- Born: January 19, 1910 East New York, Brooklyn, New York, USA
- Died: August 1, 1991 (aged 81)
- Other name: Charley Wagons
- Criminal status: Deceased
- Allegiance: Gambino crime family
- Criminal charge: Grand larceny, bookmaking, felonious assault, loansharking, conspiracy, theft
- Penalty: Theft (5 years)

= Carmine Fatico =

American mobster (1910–1991)

Carmine "Charley Wagons" Fatico (January 19, 1910 — August 1, 1991) was a powerful caporegime in the New York Gambino crime family. Fatico is best known as an early mentor to Gambino boss John Gotti.

==Biography==
Fatico was a short, slim man known more for his intelligence than his physical power. However, Fatico did not shrink from brutal violence when he deemed it necessary. Fatico quickly became a leading capo in the Gambino family due to his unfailing loyalty and obedience, and his tireless and innovative ability to earn money. Fatico's nickname "Charley Wagons" alluded to his penchant for hijacking transport trucks. Carmine Fatico had a brother, Daniel Fatico, who was his partner in all his rackets.

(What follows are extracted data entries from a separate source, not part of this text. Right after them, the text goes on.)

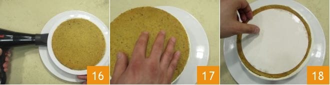 Après 2 heures, sortez le gâteau ricotta et poires du réfrigérateur : pour retirer plus facilement le disque d'acétate, vous pouvez chauffer avec un sèche-cheveux le bord extérieur 16, puis retournez le gâteau 17 et retirez à la fois le bord et la base 18.
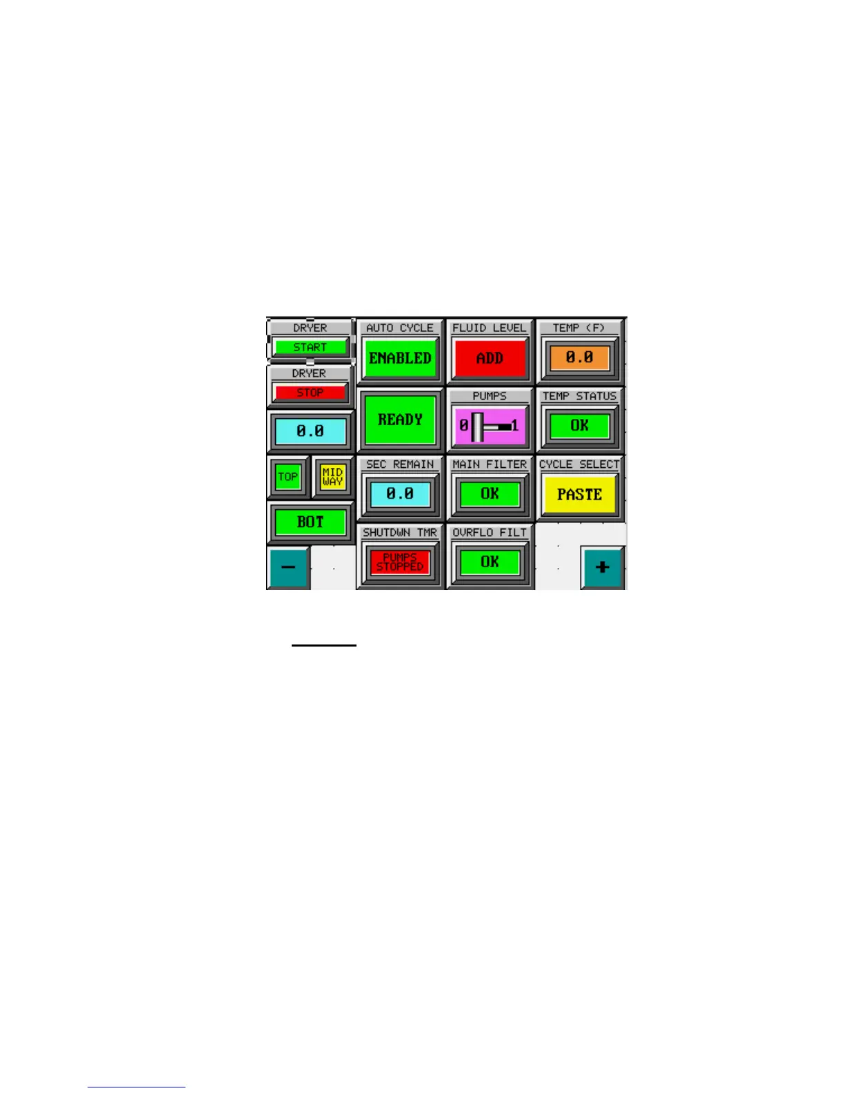 The [TEMP (F)] indicator reports the measured temperature of the cleaning fluid in
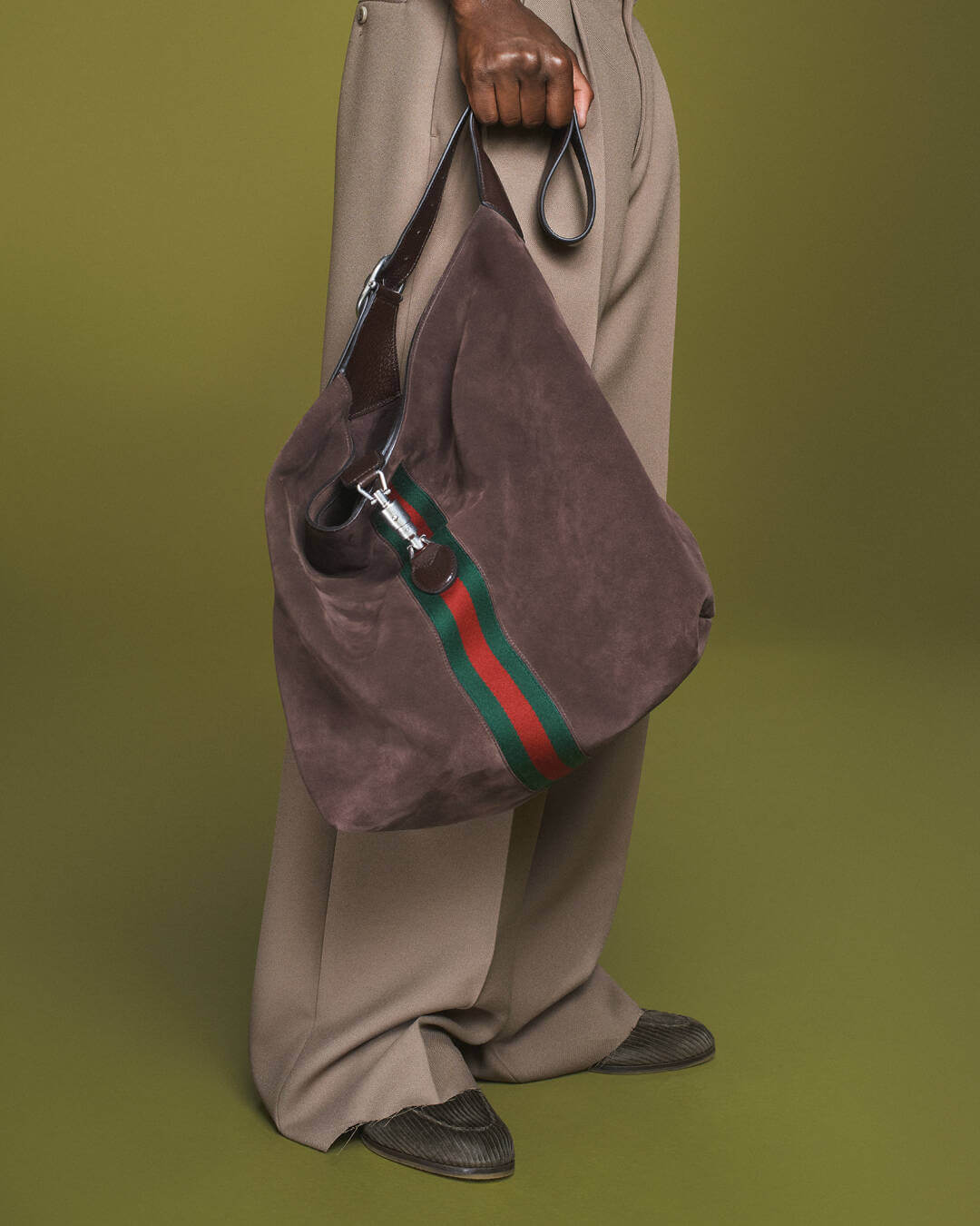Leave it to Gucci to gift us with a high-octane AW23 campaign. David Sims captures Vittoria Ceretti, Aboubakar Konte and Brando Erba against a distinctive army green backdrop with an elevator, reminiscent of the set of the women’s show that took place back in February, all sporting a series of signature silhouettes in ready-to-wear and accessories drawn from recent eras of the house. Centre stage is the Gucci Horsebit Chain bag, the atelier’s latest archival reprisal, decked in padded leather, shearling, crystal and contrast-leather. First introduced by Tom Ford in 2003, the side piece is now defined by a maxi version of its iconic Horsebit clasp, re-contextualized from Aldo Gucci’s 1953 loafer embellishment. EP
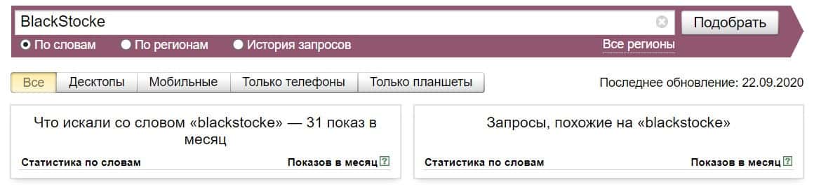 Посмотрим, сколько раз люди искали название бренда "Блэк Сток" на русском языке с пробелом. Незначительное количество запросов.
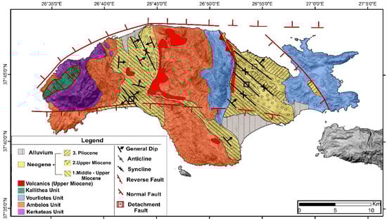 - Theodoropoulos, D. Geological Map of Greece, 1:50.000 Scale; Neon Karlovasi and Limin Vatheos Sheets; IGME: Athens, Greece, 1979. [Google Scholar]
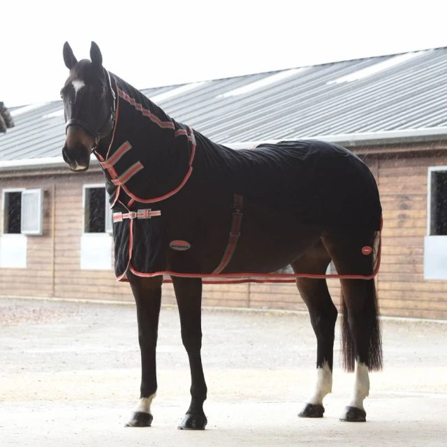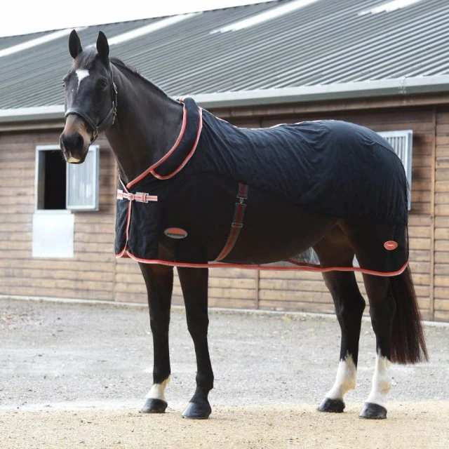The WeatherBeeta Therapy-Tec Wick Dri Cooler Combo Neck is an ideal choice pre and post exercise or whilst travelling, with ceramic fabric technology to reflect the horse?s own body heat over the shoulders, back, neck and quarters. Lightweight, breathable and highly wickable cooler with mesh covered CoolDry fleece upper and a mesh lower for airflow. Features includes a hideaway neck pocket with a touch tape closure to easily fold the neck portion away to use as a Standard Neck style, boa fleece wither relief panel, single adjustable buckle front closure, single hidden adjustable surcingle and tail cord.
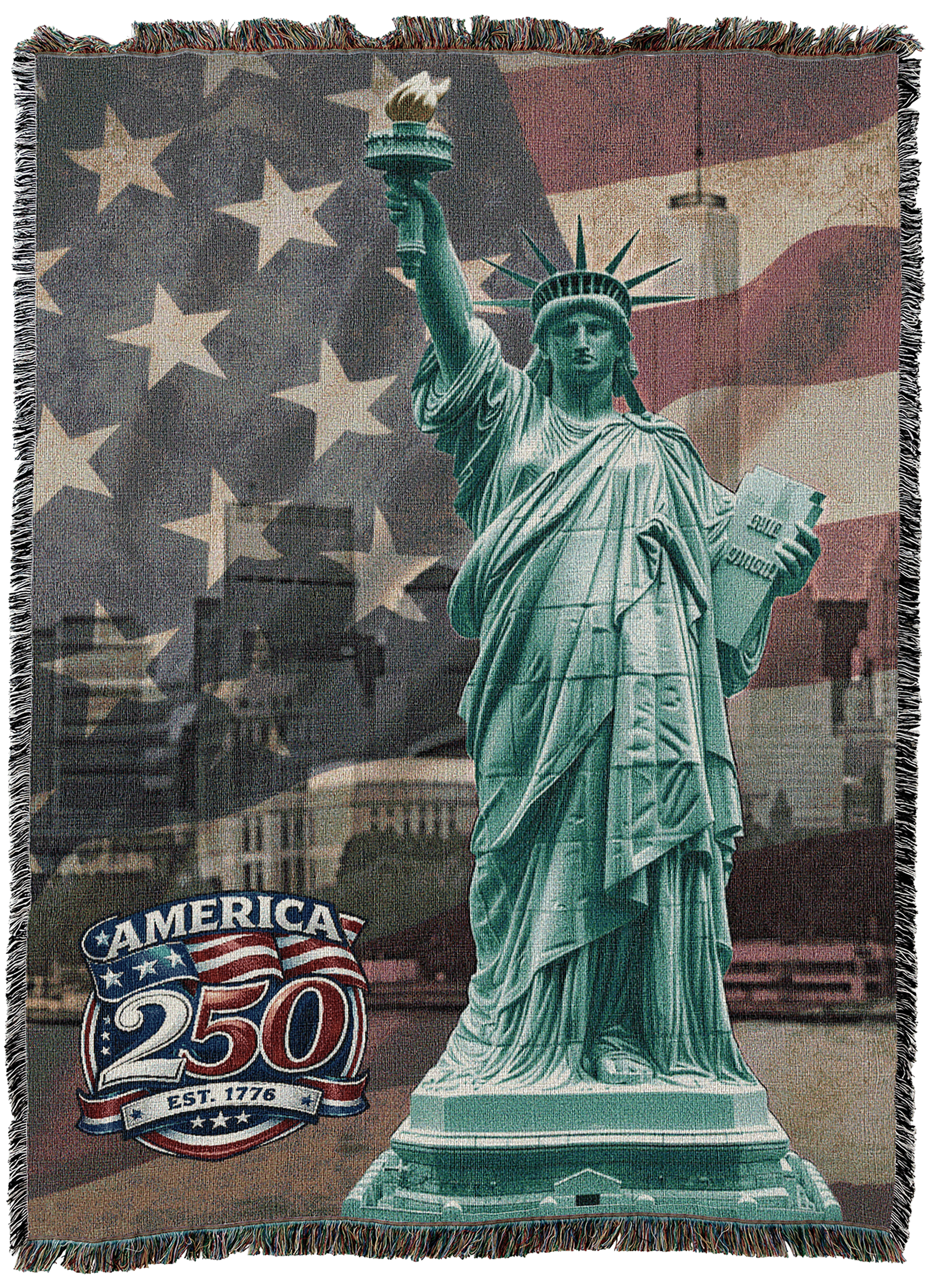 Introducing the America 250 Collection of uniquely crafted, USA-made blanket woven into the very fabric of American style. Experience comfort, artistic freedom, with this premium, jacquard-woven masterpiece. Unlike surface prints, our blankets feature photographic-quality images woven directly into the fabric using a blend of recycled and new cotton yarn, ensuring lasting softness that improves with every wash. This tapestry-quality piece transitions seamlessly from wall art to a luxurious throw, making it a truly memorable promotional award or personal gift. Our top-selling 54″ x 72″ size boasts 8 miles of woven cotton thread in 147 colors, providing a limitless design palette for your brand to stand out from the crowd. Create an heirloom keepsake that embodies American comfort.
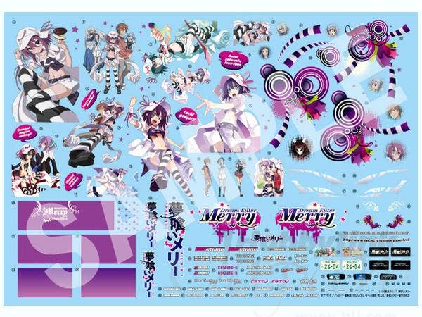 A cool "Yumekui Merry" "ita-sha" version of Aoshima's excellent Honda Odyssey Absolute 06 Custom! "Itasha" literally means "pain car" in Japanese, suggesting that these cars garishly decorated with colorful anime character graphics are embarrassingly painful to look at, or ride in. A bit harsh, perhaps, but there you have it! Another take on the name is that it's riffing on the similar sound of the nickname for Italian cars, also pronounced "Itasha" but with the kana for Italy's "Ita" in place of the kanji for pain (also pronounced "ita" in this combination). "Sha" in both cases means "car."
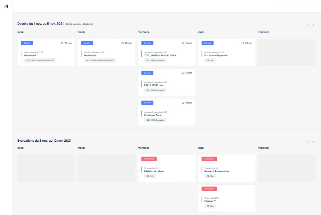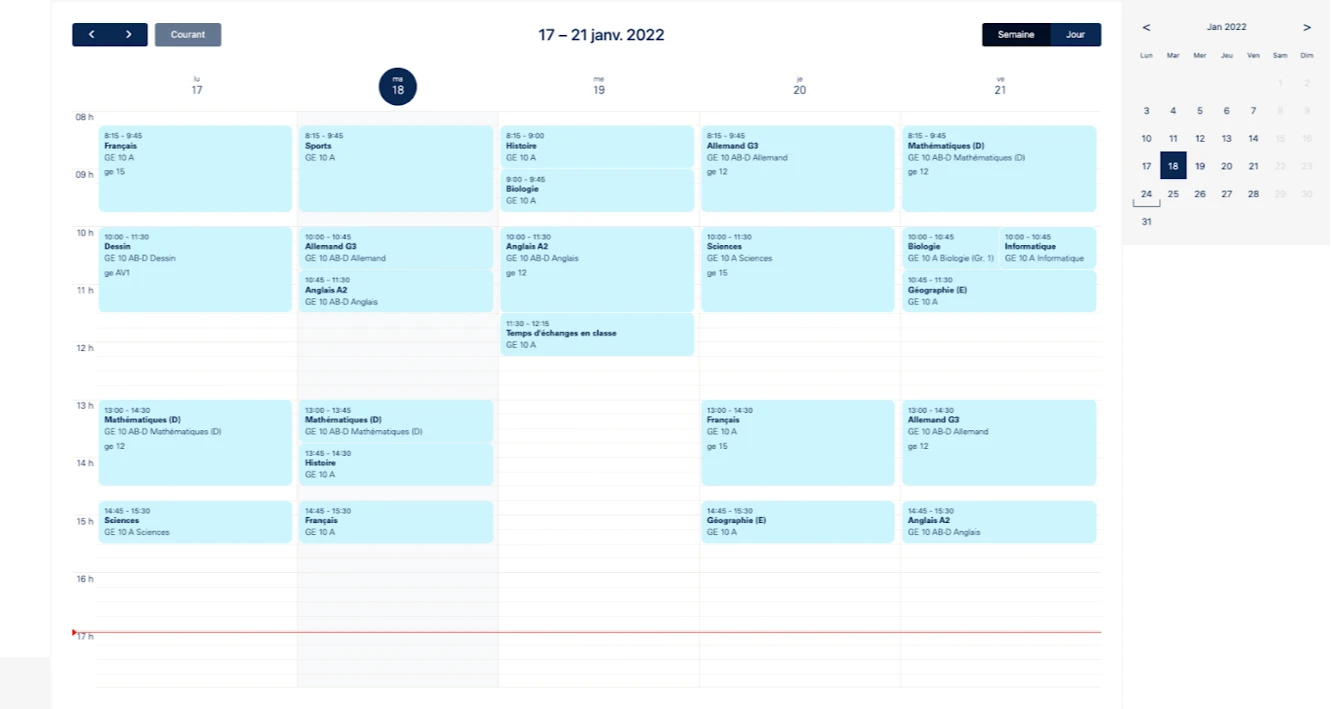 L’élève quant à lui a accès à son emploi du temps rempli par ses professeurs et maître de classe. En se connectant à l’extranet, il peut prendre connaissance de sa semaine en un simple coup d'œil. Ceci inclut les devoirs données par ses professeurs, les évaluations à venir et son emploi du temps de cours.
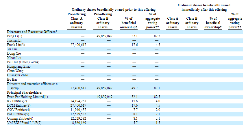 VM EDU Fund I, L.P,持股5.7%,拥有1.5%的投票权;
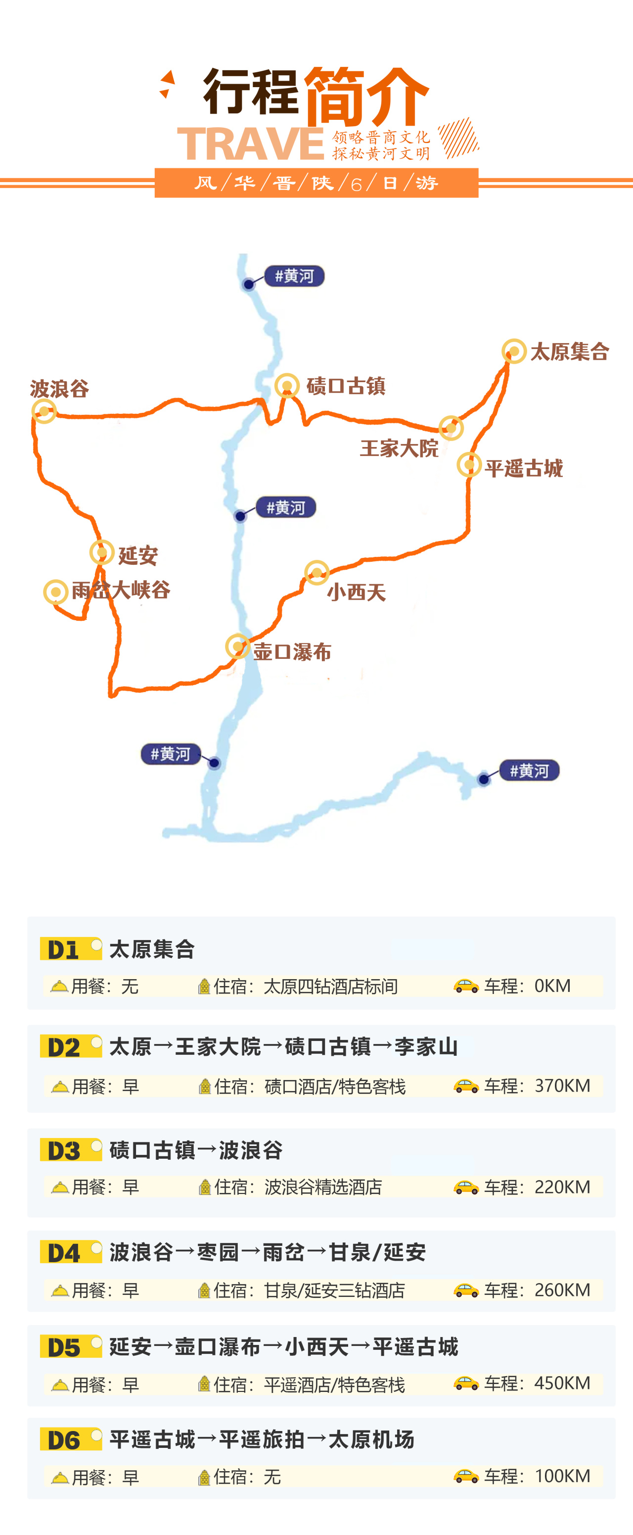 5、小交通费用:甘泉雨岔大峡景交车,壶口瀑布景交车;
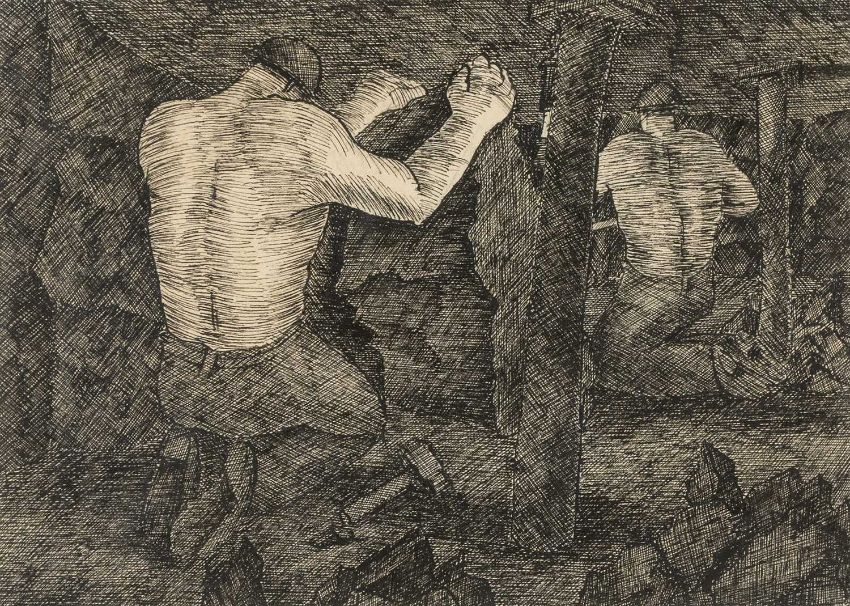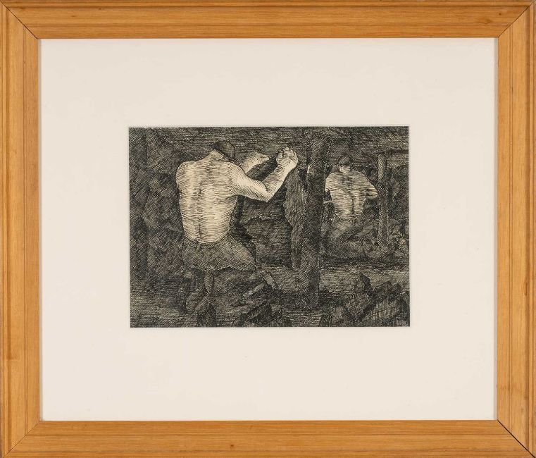 ‡ GEORGE BISSILL (1896-1973) pen and ink - entitled verso, 'Working on the Seam', unsigned, 17 x 24cmsAuctioneer's Note: George William Bissill studied at Nottingham School of Art, 1920-21. He worked as a coalminer for seven years and in 1922 as a pavement artist in London. Bissill's paintings are held in a number of important public collections, including the Tate Gallery, National Museum of Northern Ireland and the Manchester Art Gallery.Provenance: private collection CeredigionComments: framed, glazed

Fatico was an early member of the Mangano crime family, forerunner of the Gambino family. His arrest record dated back to the 1930s, and would eventually include grand larceny, bookmaking and felonious assault.

In 1951, mobster Albert Anastasia took control of the Mangano family and placed Fatico in charge of all family operations in East New York. Around 1952, 12-year-old John Gotti started running errands for the mobsters at Fatico's East New York club house. After Anastasia's murder in 1957, Carlo Gambino took over what was now the Gambino crime family and kept Fatico as the East New York capo. By 1966, Fatico commanded a crew of approximately 120 men, including made captains and soldiers and unmade mob associates.

In 1972, Fatico moved his crew from East New York to a new base of operations in Ozone Park, Queens. Fatico was allegedly unhappy about the changing ethnic composition of East New York, plus he wanted to be closer to Kennedy Airport, a major new source of family income. In Ozone Park, Fatico bought a social club and named it the Bergin Hunt and Fish Club. The name was a nod to Bergen Street in East New York, in the crew's old neighborhood. That same year, Fatico placed Gotti in charge of all illegal gambling operations in East New York. Fatico soon grew to admire Gotti's ability to force debtors to make payment.

Fatico conducted the hijacking of cargoes at John F. Kennedy Airport and on the Brooklyn waterfront. He dealt in stolen merchandise, loansharking, bookmaking, number-running, floating dice games, illegal casinos, sports book betting and the operation of push-button poker machines. It had been estimated that Fatico's crew grossed approximately $30 million a year.

On May 23, 1972, Fatico was indicted in Suffolk County, New York on loansharking and conspiracy charges. In 1973, Fatico was indicted again in Suffolk County on a new set of loansharking charges. As a condition for having bail, Fatico had to stay away from his crew. Fatico designated Gotti as acting capo, reporting directly to Gambino underboss Aniello Dellacroce.

In the mid-1970s, Fatico and several of his crew members were indicted on charges of stealing 98 mail bags containing $3 million in cash and securities that had come into the airport on an Air France flight. The charges also included the theft of fur coats. However, when the case went to trial in 1976, it ended in a mistrial. To avoid a retrial, Fatico pleaded guilty to one count of stealing the coats and was sentenced to five years in prison.

Gotti succeeded Fatico as capo of the Bergin crew in 1977, not long after becoming made.

On August 1, 1991, Fatico died of natural causes at age 81.